== Excerpted records ==
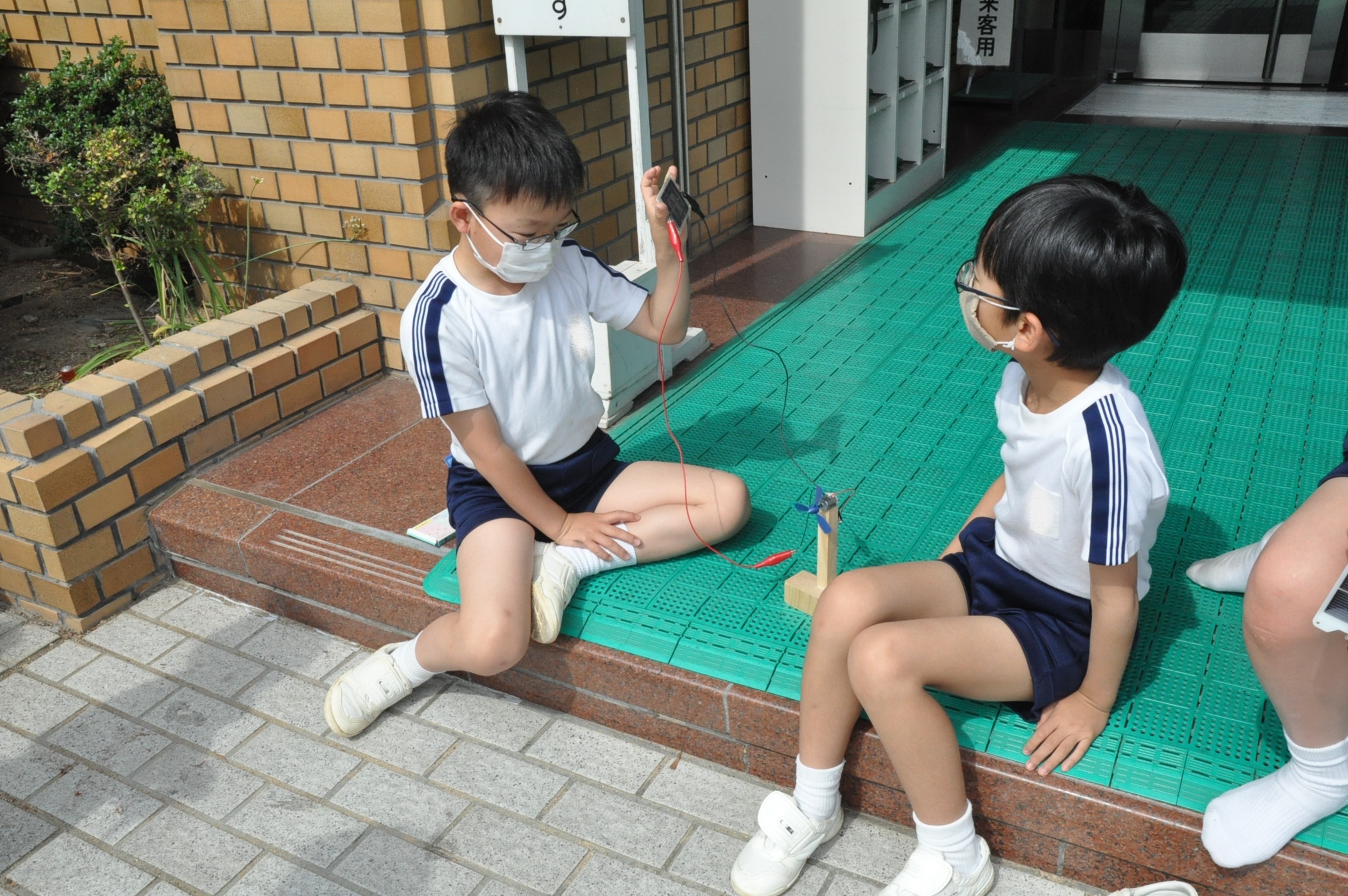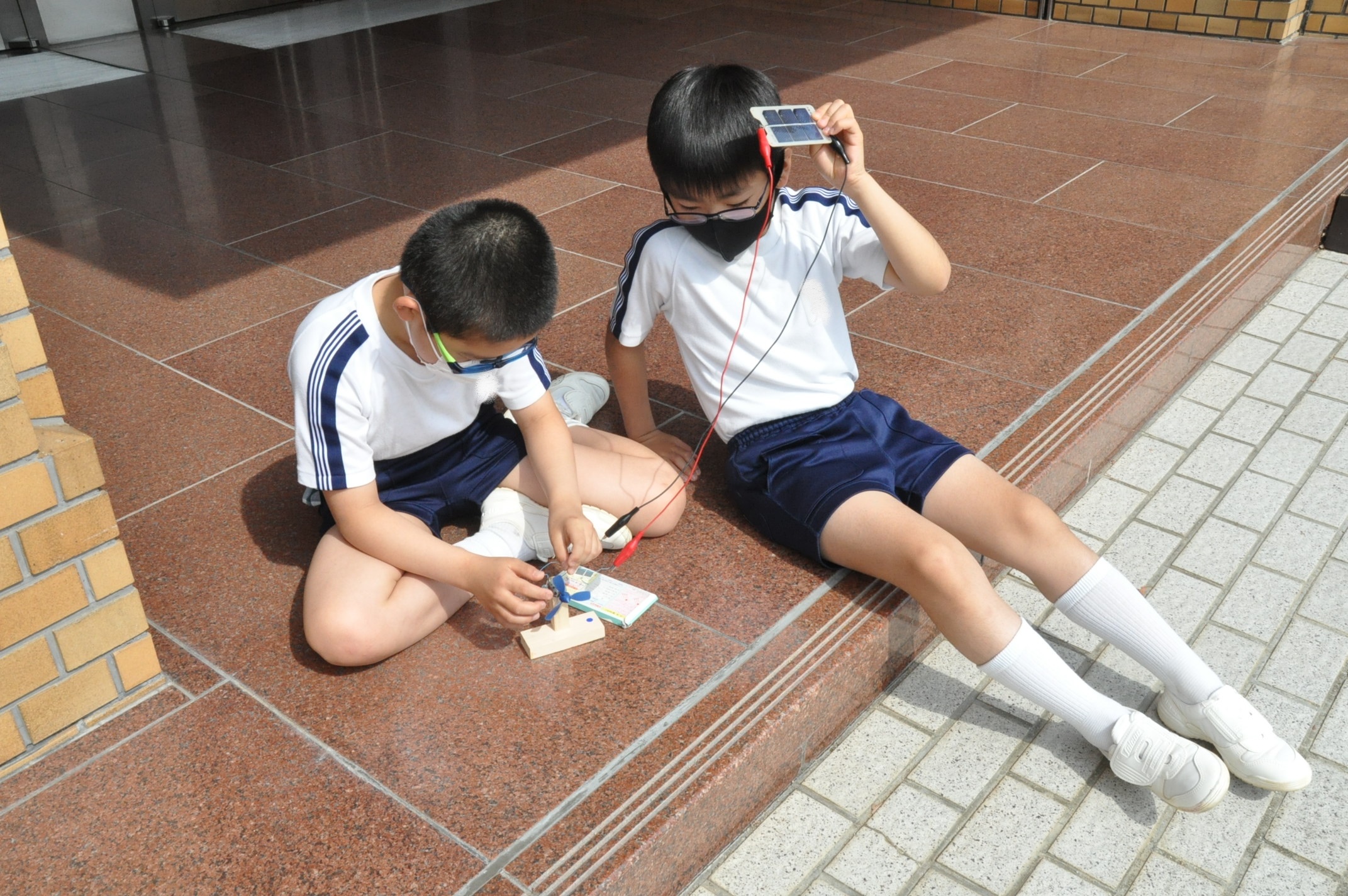 光電池の活動では、パネルを太陽に向ける角度で回転する速さが変わることや影を作ると動かなくなるなど様々なことに気づくことができました。
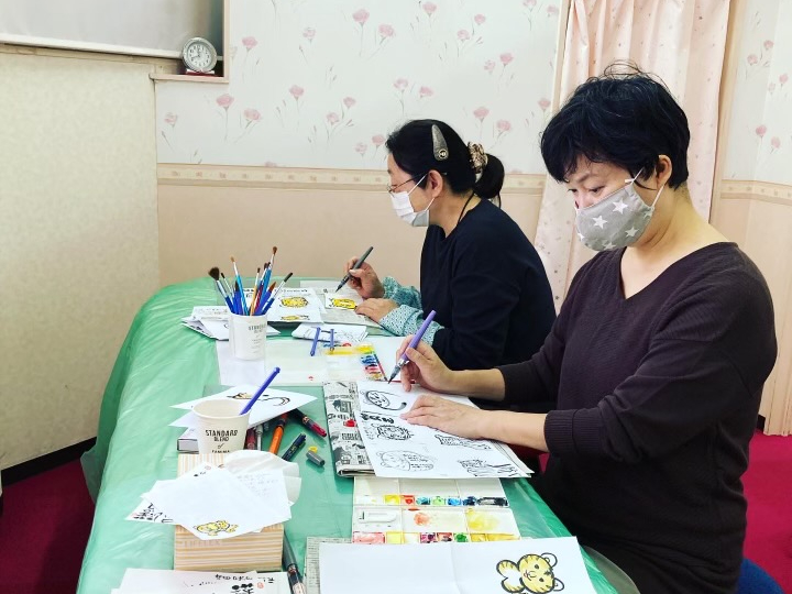 「のんびりゆったりのほほんと、、」初めての体験皆さんそれぞれ集中して描いてます。
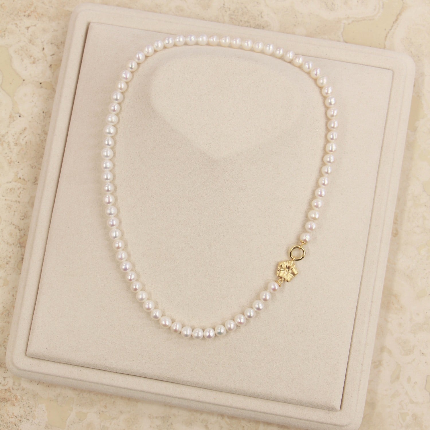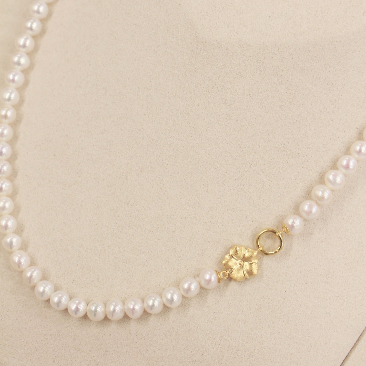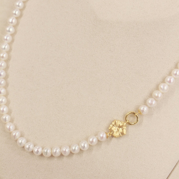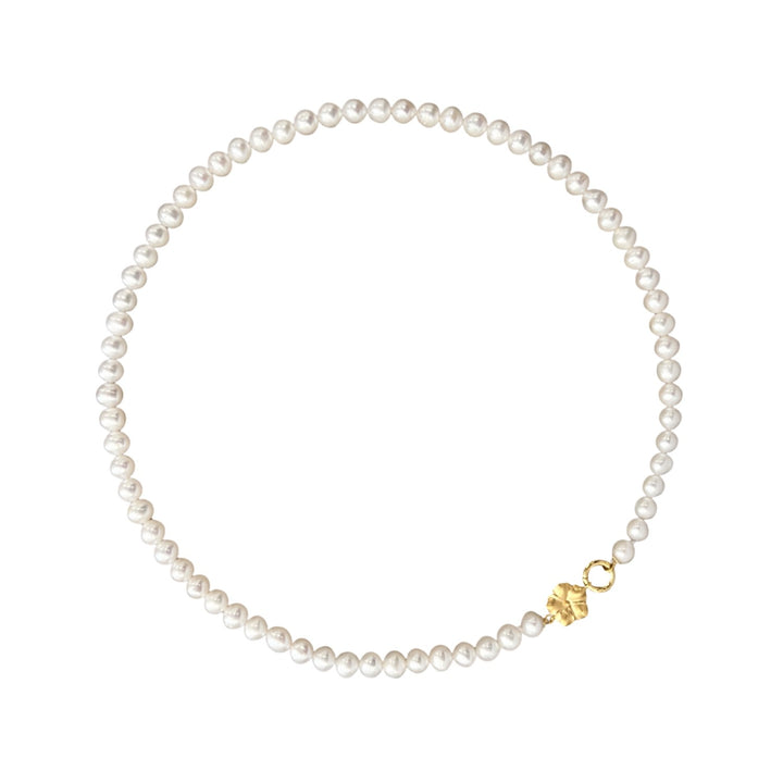 This necklace is handcrafted from 24k gold-plated 925 sterling silver. It features natural freshwater pearls and enamel.
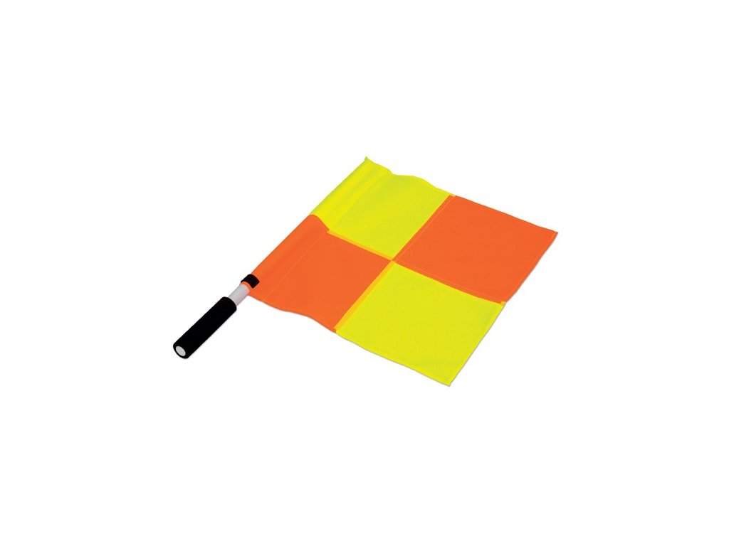 Referee Flag Sideline. Vlajka z polyesterové tkaniny (fluorescenční žlutý a oranžový vzor). Trubka z plastu SEP a rukojeť z kvalitní pěnové gumy. Disponuje otočnou funkcí. Rozměr: 50x50cm
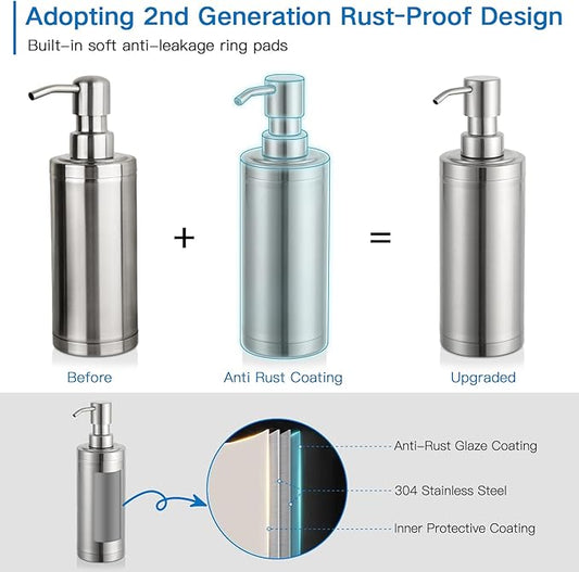 GAPPO Brushed Nickel Soap Dispenser Stainless Steel Metal Pump Hand Lotion Bottle for Bathroom, Bedroom and Kitchen(300ML/10.15Ounce)
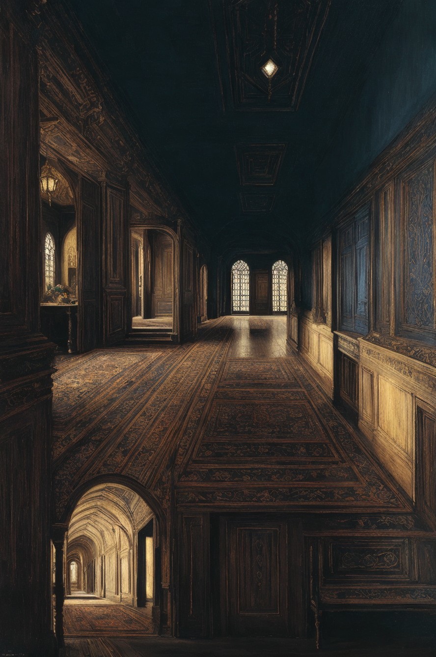 + Prompt:A doorway leading to another doorway, an endless corridor with faultless perspective, elegant old oil painting, beautiful muted blues with natural oak style wooden features
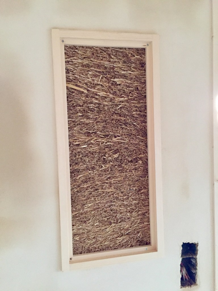Pour commencer, la fenêtre de vérité est terminée. Vous savez, ce cadre qui offre une vue sur la paille, pour prouver que la maison est bien construite en paille. C’est magnifique !
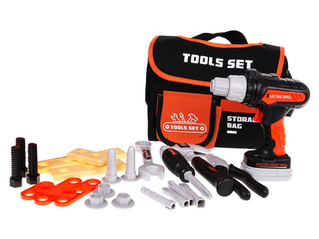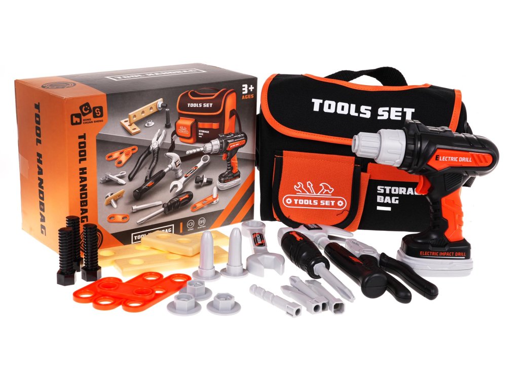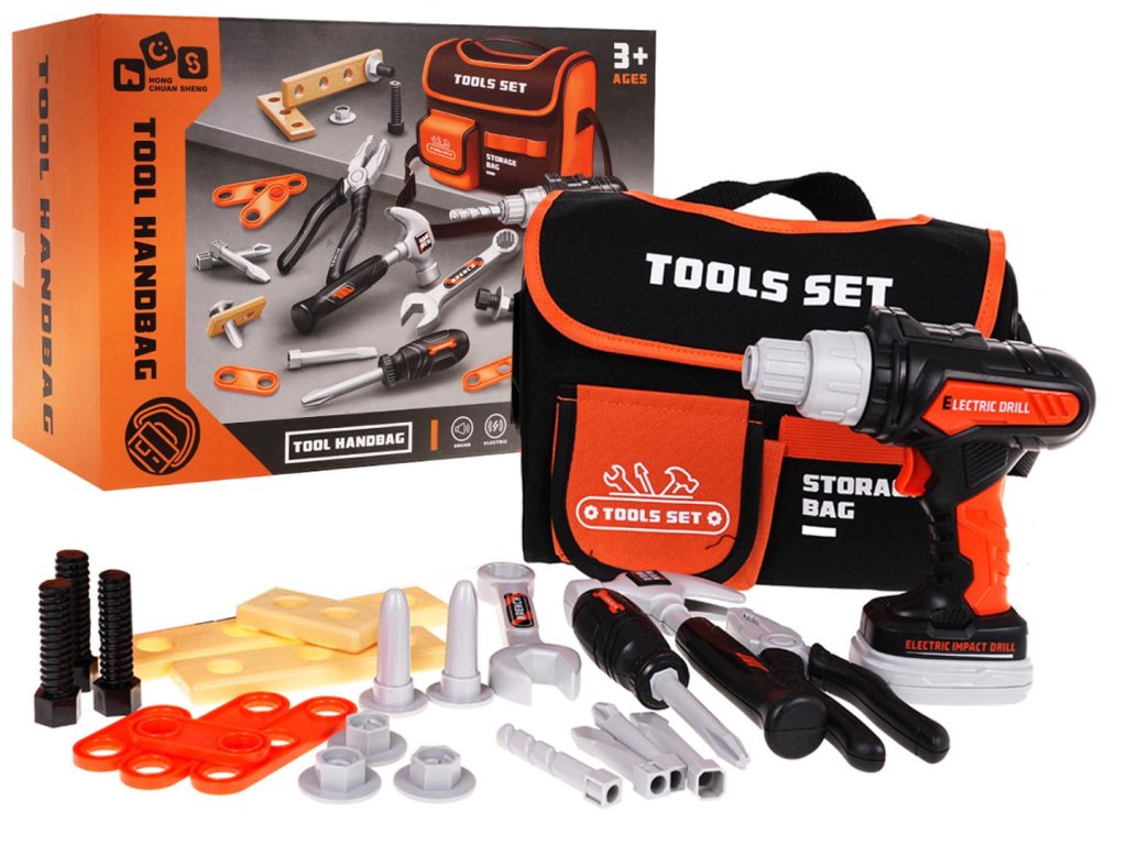 A richly equipped tool set with a tool bag and an interactive drill-driver for children from 3 years of age. The set is made of the best quality plastic. The tool bag has a strap, a handle for carrying, a main compartment with a Velcro closure, a small pocket on the front and a stitching that will hold a tool. The drill-driver is powered by 2 x AA 1.5 V batteries (included), screws and unscrews, additionally has a removable battery like in a real drill and replaceable bits. The set includes as many as 25 elements, in addition to the tool bag and the drill-driver we also have: pliers, a flat-opening wrench, a hammer, a screwdriver, screws, sockets, expansion bolts and wood for screwing.
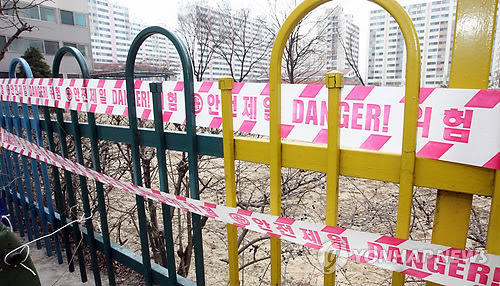 | △ 임시폐쇄된 놀이터 (청주=연합뉴스) 김형우 기자 = 17일 오전 청주시 상당구 용암동의 한 아파트 놀이터 주변에 '안전제일'이라는 출입 통제선이 처져 있다. 2015.3.17 vodcast@yna.co.kr |
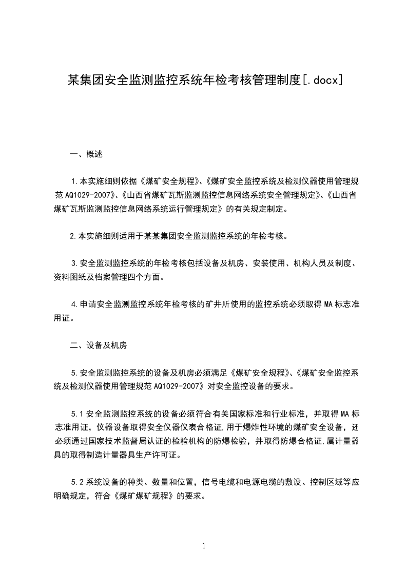 2.本实施细则适用于某某集团安全监测监控系统的年检考核。
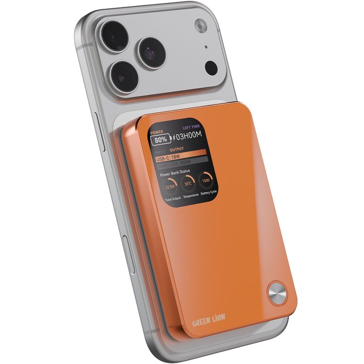 Green Lion G-Mag 3-in-1 Power Bank with 10000mAh Capacity, MagSafe Compatibility, PD 20W Fast Charge, Aluminum Alloy Shell, USB-C Input & Output Port, Ultra-Slim Design, Built-in Safeguards, Real-Time Power Display, Durable Aluminum Alloy + ABS + PC Material - Orange
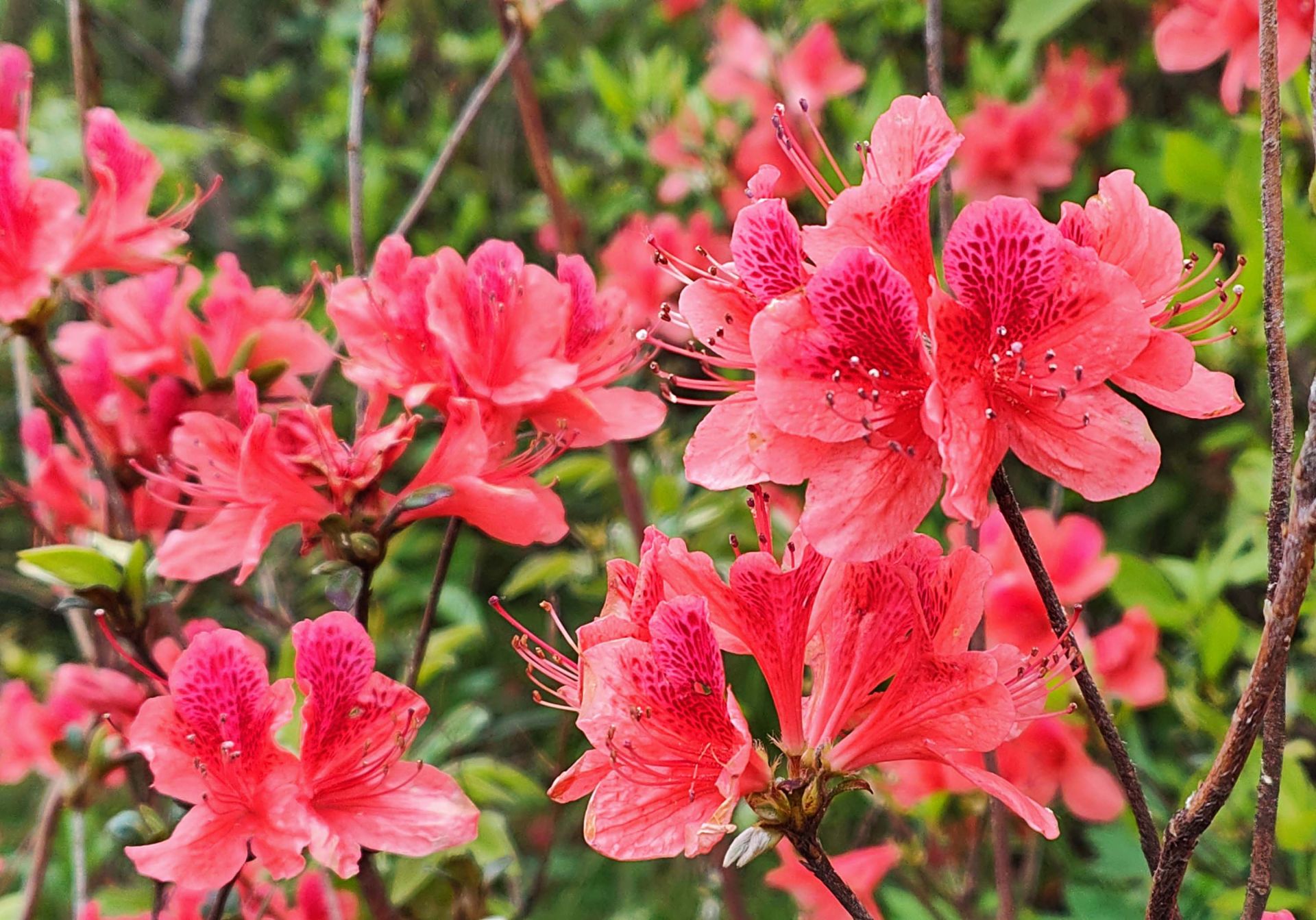 很喜欢,欣赏映山红别具一格的花事魅力。晴有晴的味道,雨有雨的风韵。晴朗之日,映山红在阳光下翩然起舞,灵动雀跃,艳丽明快,娇媚飘逸,使人流连忘返;于微雨中,拥风吻雨,泪眼涟涟,含春带露,我见犹怜,令人牵魂绕梦。
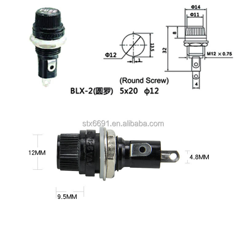 Glass fuse holder BLX-2 round screw high quality fuse holder 5*20MM

== Task objective ==
Skip the pictures and quote each line of the entries above, from the first through the line with "Pour commencer, la", exactly as it appears.

== Answer area ==
 光電池の活動では、パネルを太陽に向ける角度で回転する速さが変わることや影を作ると動かなくなるなど様々なことに気づくことができました。
 「のんびりゆったりのほほんと、、」初めての体験皆さんそれぞれ集中して描いてます。
 This necklace is handcrafted from 24k gold-plated 925 sterling silver. It features natural freshwater pearls and enamel.
 Referee Flag Sideline. Vlajka z polyesterové tkaniny (fluorescenční žlutý a oranžový vzor). Trubka z plastu SEP a rukojeť z kvalitní pěnové gumy. Disponuje otočnou funkcí. Rozměr: 50x50cm
 GAPPO Brushed Nickel Soap Dispenser Stainless Steel Metal Pump Hand Lotion Bottle for Bathroom, Bedroom and Kitchen(300ML/10.15Ounce)
 + Prompt:A doorway leading to another doorway, an endless corridor with faultless perspective, elegant old oil painting, beautiful muted blues with natural oak style wooden features
Pour commencer, la fenêtre de vérité est terminée. Vous savez, ce cadre qui offre une vue sur la paille, pour prouver que la maison est bien construite en paille. C’est magnifique !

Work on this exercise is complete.